Wednesday 6 November 2013

Problem Resolution Starts With You

Right so here it is, a message to all you T.V. watching, celebrity internet searching, pointless plastic crap shopping sloths.



Oh wait a moment, to make you feel more at home how about a few adverts, what would you like? Perhaps some slimming pills to counteract that fat gut and ass you have developed sucking in all those mind numbing T.V. rays. Mind you that would require you to wrap those plump sausage fingers around a  a plastic bottle and get past the child proof lock. No that wont do, you may break a bone or strain some cellulite and we would not want that. More your speed would probably be  lap band surgery ads, then you wont be able to stuff your face full of McDonalds as much while you are waiting for the break between Dancing With The Stars and Dose This Pinhead Have Any Talent.

One is left wondering how you oxygen thieving pricks even remember how to breath without being reminded.
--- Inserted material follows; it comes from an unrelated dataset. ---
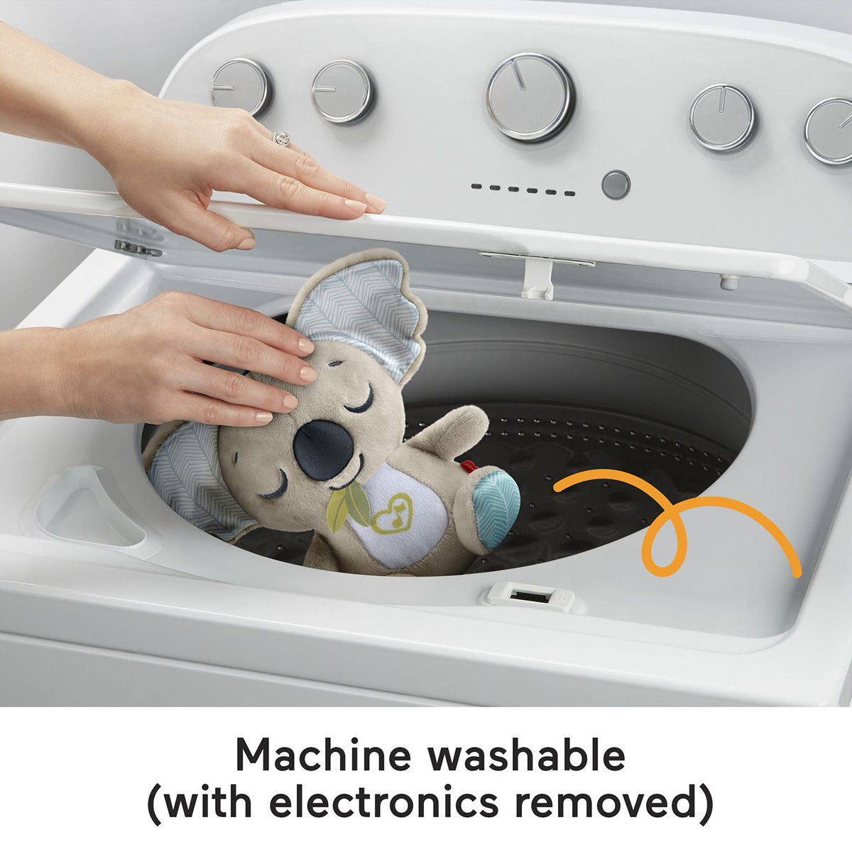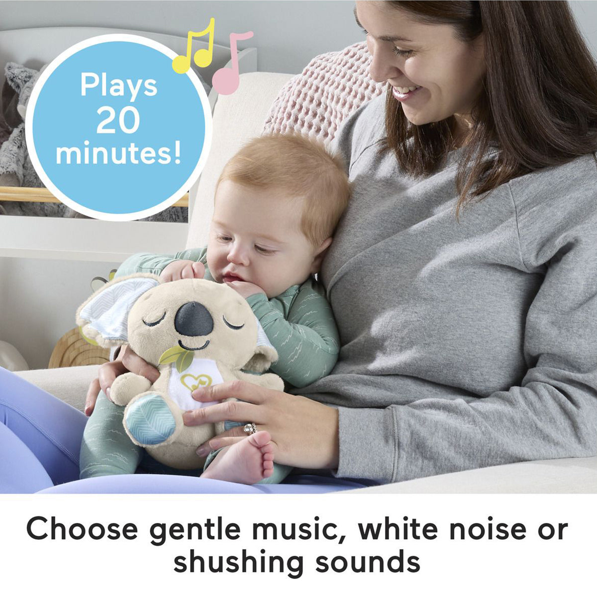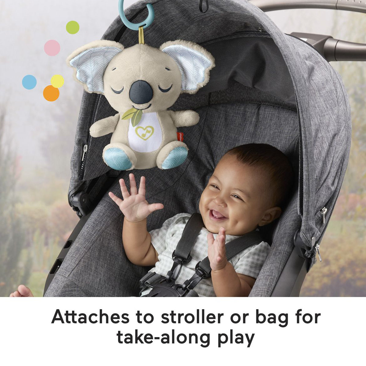 Baby can settle in for comforting cuddles, at home or on the go, with the On-the-Go Koala Soother plush toy from Fisher-Price. Styled like an adorable koala, this customizable portable sound machine plays up to 20 minutes of gentle music, white noise, or shushing sounds to calm your newborn the way they like best.

I know many of you opinion jockeys are going to be a little disturbed by this politically incorrect rant but you need to hear it. Our environment is going to hell in a hand basket while you sip lattes and talk about the misadventures of some bullshit celebrity that you know next to nothing of substance about. You are sold on the delusion that your life has meaning beyond the 9 to 5 slavery, that your value is determined by all the the junk you collect, oh and that junk. How you must have it, fill your house to the brim with shit you don't really need that will break just in time for you to go buy more. Then too many of you halfwits can not understand how mindless shopping is destroying our planet, as you throw more shit away to another landfill and another and another.

You people are the problem.

But take heart as you roll off to the fridge for another Twinkie, or aspartame laced beverage, you are not alone. We must not forget the solve the worlds problems with good thoughts dip shits. Go on think real hard you might just end the war in Syria.............. Still waiting.............. Nope. I thought you might actually do it this time. What the fuck is up with you tools, do you actually think you fart rainbows and hatch unicorns. Here is a hot tip, if you really want to make a difference get off your unicorn riding backsides, head out into the real world and physically do something about the symptoms you are surrounded by. Or sit at home and think about fairies  telling yourself you are making a difference.

You are also the problem.

Our society is not going to magically fix itself, and no matter how many times you vote shit wont change for the better of our collective species. I voted for that guy last time and nothing changed, I am going to vote for this guy, oh nothing changed, perhaps back to that guy. This guy, that guy, this guy........ How many fucking times people, how many?